The next one with us today is xud خُد (Take!). And here comes my mother’s favorite: xud izzibāla m3āk خُد الزِّبالة معاك (Take out the garbage! [with you; that is, on your way out]). zibāla زِبالة means ‘garbage,’ and ma3āk معاك means ‘with you.’ xāɖir, ya māma! حاضِر يا ماما (Yes, mom!)


istánna اِسْتنّى (Wait!) istánna sánya, law samáɧt اِسْتنّى ثانْيَة لَوْ سمحْت (Wait a second, please!).


ímši اِمْشي (Go!; Walk!; Leave!) It can have any of these meanings. ímši min hína اِمْشي مِن هِنا (Go away [from here]!) اِمْشي already ends in -i ـي, so we just have one form for the masculine and for the feminine–for addressing a male and for addressing a female.
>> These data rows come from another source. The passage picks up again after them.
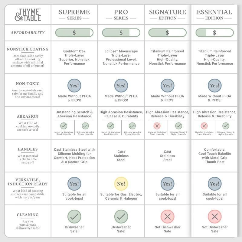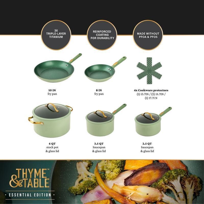 You may also like 18 Piece Nonstick Cookware Set Kitchen Essentials Dishwasher Safe Utensils Red 53.3 USD 56.11 USD Free shipping 5% off 10 Piece Nonstick Cookware Set Dishwasher Safe Riveted Cool Handles Glass Lids 61.94 USD 65.2 USD Free shipping 5% off 12-Piece Pots Pans Cookware Set Nonstick Toxin-Free Ceramic Dishwasher Safe NEW 105.59 USD 111.15 USD Free shipping 5% off 11pcs Nonstick Cookware Set Ceramic Coated Induction Gas Safe Easy Clean New 64.02 USD 67.39 USD Free shipping 5% off Stainless Steel Cookware Set 14 Pc Induction Compatible Dishwasher Safe Kitchen 112.75 USD 118.68 USD Free shipping 5% off Nonstick Cookware Set 14 Piece Soft Grip Handles Straining Lids Even Heat Base 94.86 USD 99.85 USD Free shipping 5% off 7 Piece Nonstick Cookware Set Carbon Steel W/ Glass Lids & Bakelite Handles New 47.5 USD 50.0 USD Free shipping 5% off 15-Piece Non Stick Cookware Set Colorful Heat Resistant Lacquer Dishwasher Safe 87.77 USD 92.39 USD Free shipping 5% off 12 Pc Non Stick Cookware Set Pots Pans W/ Lids Handles Cooking Tools Kitchen New 94.92 USD 99.92 USD Free shipping 5% off 10 Pcs Non Stick Ceramic Cookware Set Aluminum Pots & Pans Dishwasher Safe New 84.22 USD 88.65 USD Free shipping 5% off 20 Piece SetNonstick Cookware Fry Pot Slow Cooker Dishwasher Safe Kitchen Red US 106.59 USD 112.2 USD Free shipping 5% off 10 Pcs Clean Ceramic Nonstick Cast Aluminum Cookware Set W/ Heart Knobs Durable 93.81 USD 98.75 USD Free shipping 5% off Introducing the Thyme & Table Nonstick 12-Piece Granite Cookware Set, Green, from our Essential line, designed to offer excellent value for cost-conscious customers. Enjoy high-quality cookware at an affordable price, making every meal preparation a delightful experience. Included with this set is and 8- inch and 10”- inch Fry Pan perfect for searing or sautéing, 6QT Stock Pot with Lid ideal for stews or pastas, a 3. 5QT and 2. 5QT Saucepan with Lids which provide different capacities for every dish, and 4 Cookware Protectors designed to help maintain the pristine condition of your cookware set over time. Durability: Built to last with premium aluminum and stainless steel, ensuring durability and reliability. Crafted with soft grip handles featuring a metal grip thumb rest for easy maneuvering while cooking. Non-Stick Coating: Non-Stick Coating makes for effortless food release and quick cleanup, ideal for busy cooks who value convenience. Versatility: Suitable for all cooktops, ensuring a seamless cooking experience whether you're using gas, electric, or induction stovetops. See more of what you’re cooking with the protective vented silicone tempered glass lid. Heat Distribution:Experience even heat distribution with the stainless-steel induction base, allowing you to spend less time worrying about uneven cooking and more time enjoying your culinary creations. Essential for your Kitchen: The Thyme and Table 12PC Granite Cookware Set, Green, is a versatile set that elevates your kitchen's aesthetics while providing essential tools for everyday cooking, empowering you to become a chef in your own home. Use and Care Dishwasher Safe, Handwash Recommended Essential to any kitchen Quality Crafted Cookware Set Soft Grip Comfort Handles Suitable for all Cooktops; gas, electric, induction, ceramic Affordable set under $80 12-Piece Essential Cookware Set, Green You may also like Non-Slip Cutting Board Dishwasher Safe Juice Groove Kitchen Tool 12x18 inches US 19.43 USD 20.45 USD Free shipping 5% off Durable Vegetable Peeler Set W/ Non-Slip Handle Potatoes Fruits & Vegetables New 14.65 USD 15.42 USD Free shipping 5% off BPA-Free Stainless Steel Filtered Water Bottle Insulated Easy-Sip Straw New 31.79 USD 33.46 USD Free shipping 5% off Tear Resistant Waterproof Tarps Heavy Duty Polyethylene Outdoor Use 12x16ft 25.41 USD 26.75 USD Free shipping 5% off LED Ceramic Salt Pepper Grinders One Hand Stainless Steel Adjustable Mill New 34.11 USD 35.91 USD Free shipping 5% off Durable Lockable Outdoor Resin Storage Box W/ Hydraulic Lid Patio Garden Use 78.27 USD 82.39 USD Free shipping 5% off Expandable Drawer Organizer Bin 4 Compartments 2 Pack Clear Storage Solution New 25.58 USD 26.93 USD Free shipping 5% off Cage-Free Chicken Sweet Potato Dog Food Grain Free High Protein Adult 25lb New 53.19 USD 55.99 USD Free shipping 5% off No Rinse Neutral pH Floor Cleaner Streak Free Multi-Surface Pet Odor Remover New 21.1 USD 22.21 USD Free shipping 5% off Shower Filter Removes Chlorine Pesticides Odors Enhances Skin Hair Nails New 42.65 USD 44.89 USD Free shipping 5% off Nonstick Aluminized Steel Cupcake Pan Heavy Duty Muffin Tin Dishwasher Safe New 22.46 USD 23.64 USD Free shipping 5% off 3 Outlet Extension Cord 8ft Braided Power Strip Flat Plug Indoor Safety New 11.01 USD 11.59 USD Free shipping 5% off
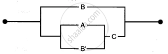 A, B and C represent switches in ‘on’ position and A’, B’ and C’ represent them in ‘off position. Using Boolean algebra, simplify the function and construct an equivalent switching circuit.
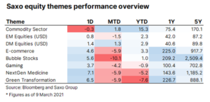 V nejspekulativnějších růstových segmentech, ať už jde o „bublinové“ akcie (akcie s vysokým poměrem EV a tržeb a se zápornými očekávanými výnosy), internetové obchodování, herní průmysl, zelenou transformaci či zdravotnické firmy nové generace, vyvolají rostoucí úrokové sazby pravděpodobně pokles hodnoty akcií, tak jako koncem února a začátkem března. A pokud úrokové sazby dál porostou, mohou přetrvat i tyto tlaky.
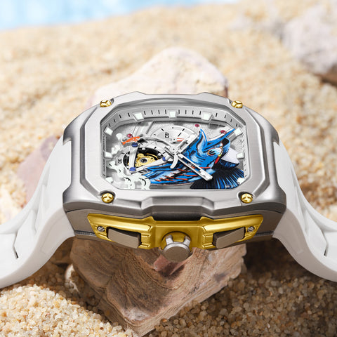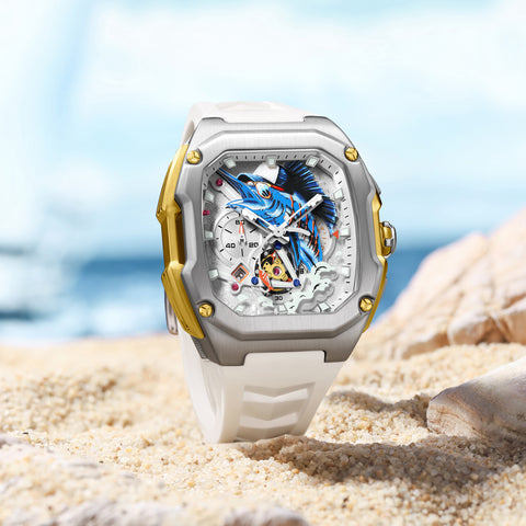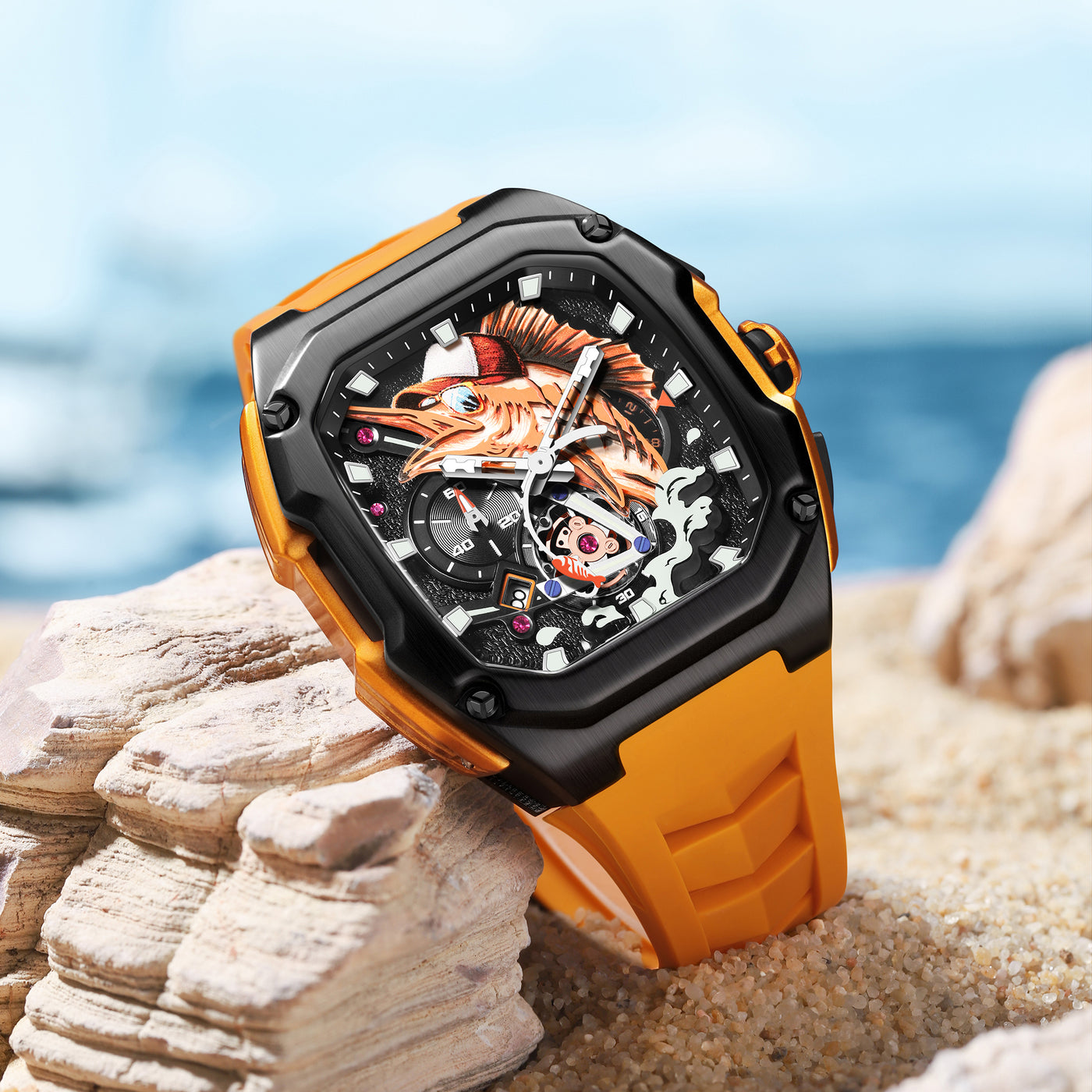 【Unique Artistic Dial Design】:Stand out with a bold, hand-painted dial featuring a dynamic fish wearing a cap — a blend of streetwear flair and artistic craftsmanship. This watch is a wearable piece of art that grabs attention from every angle.

And for addressing more than one person, we add -u ـوا: ímšu اِمْشوا (Go!) ahú gih! ímši -nta dilwáʔti أهو جِه! اِمْشي إنْتَ دِلْوَقْتي (There he is! You go now!) Notice that ímši اِمْشي and ínta إنْتَ run together as imšínta. So, I omitted the i- from ínta.

ímši bišwēš اِمْشي بِشْويْش (Go slowly!) It can mean ‘walk’ or even ‘drive’ slowly. And what other words can we use here for ‘slowly’? Right! 3ála máhlak على مهْلك: ímši 3ala máhlak اِمْشي على مهْلك


nām نام (Sleep!) nām bádri innahárda 3ašān fī šuɣl ktīr áwi búkra -ʂʂubɧ, in šāʔ allāh. نام بدْري النّهارْده عشان فيه شُغْل كْتير أوي بُكْره الصُّبْح إن شاء الله (Go to bed early because there is a lot of work tomorrow morning, God willing!)


kul كُل (Eat!) kúli, ínti ma-kaltīš ɧāga ʈūl innahār كُلي، إنْتي مكُلْتيش حاجة طول النّهار (Eat! You haven’t eaten anything all day!)


itfáɖɖal اِتْفضّل (Go ahead!) And this can also translate as ‘Here you go!’ I can offer you a cup of coffee and say اِتْفضّل (Here you are!). I can just say اِتْفضّل to mean ‘Please, sit down!’ or ‘Come in!’ Or itfaɖɖálu, uʔ3ūdu اِتْفضّلوا، اُقْعُدوا (Please, sit down!) And here, you can make a hand gesture with an open palm, which is much better than pointing with a finger, which is not polite.


buʂʂ بُصّ (Look!) buʂʂíli w ána batkallímak بُصِّلي و أنا بتْكلِّمك (Look at me when I’m talking to you!)
buʂʂ báʂʂa 3ála -lmakān kída w ʔúlli ʔēh ráʔyak. بُصّ بصّة على المكان كِده و قُلّي أيْه رأْيَك (Take a look at the place and tell me what you think!)


ɧāsib حاسِب (Watch out!; Pay attention!; Be careful!) ɧāsib il3arabíyya حاسِب العربية (Watch out for the car!)

It can also mean ‘pay,’ as in ‘pay a bill.’ ɧasbí-nti -lmarrādi 3ašān nisīt ilfilūs fi -lbēt حاسْبي إنْتي المرّة دي عشان نِسيت الفِلوس في البيْت (You pay this time because I forgot the money at home!)